Philadelphia Assembled tells a story of active resistance and radical community building through the personal and collective narratives that make up Philadelphia’s changing urban fabric. These narratives will be explored through a collaborative effort between the Philadelphia Museum of Art and a team of individuals, collectives, and organizations as they experiment with multiple methodologies for amplifying and connecting relationships in Philadelphia’s transforming landscape
Artists, makers, storytellers, gardeners, healers, activists, and other community members will work together to explore social issues that resonate in “The City of Brotherly Love and Sisterly Affection.” Within this project, these urgent concerns are organized around five principles:
Reconstructions: How can we rewrite histories?
Sovereignty: How can we share resources?
Futures: How can we reimagine our tomorrow?
Sanctuary: How can we create safe spaces?
Movement: How can we share knowledge and stories?
Jeanne van Heeswijk is an artist who facilitates the creation of dynamic and diversified public spaces in order to “radicalize the local.” Her long-scale community-embedded projects question art’s autonomy by combining performative actions, discussions, and other forms of organizing and pedagogy in order to enable communities to take control of their own futures.

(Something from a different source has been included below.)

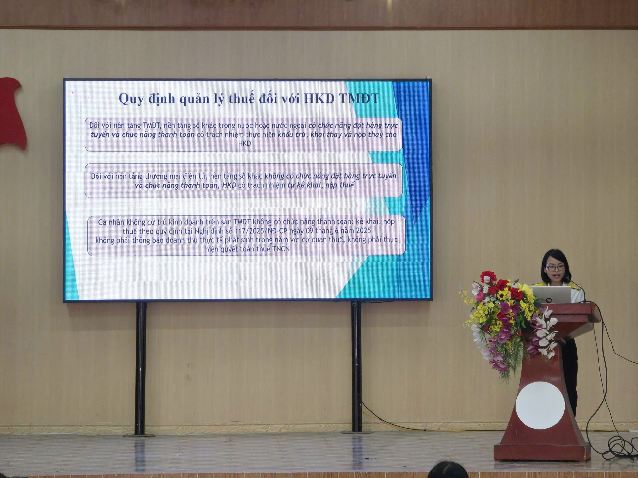 Tham dự hội nghị có lãnh đạo Thuế cơ sở 9, UBND phường cùng đại diện các bộ phận chuyên môn. Tại hội nghị, cơ quan thuế đã phổ biến những nội dung trọng tâm của Nghị định số 68/2026/NĐ-CP và Thông tư số 18/2026/TT-BTC, đồng thời nhấn mạnh các điểm mới trong quản lý thuế đối với hộ, cá nhân kinh doanh.

Van Heeswijk’s work has been featured in publications and exhibitions worldwide, including the Liverpool, Shanghai, and Venice biennials. She received the 2011 Leonore Annenberg Prize for Art and Social Change, the 2012 Curry Stone Prize for Social Design Pioneers, and in 2014 was awarded the inaugural Keith Haring Fellowship in Art and Activism at the Center for Curatorial Studies and Human Rights Project at Bard College. She lives and works in Rotterdam and Philadelphia.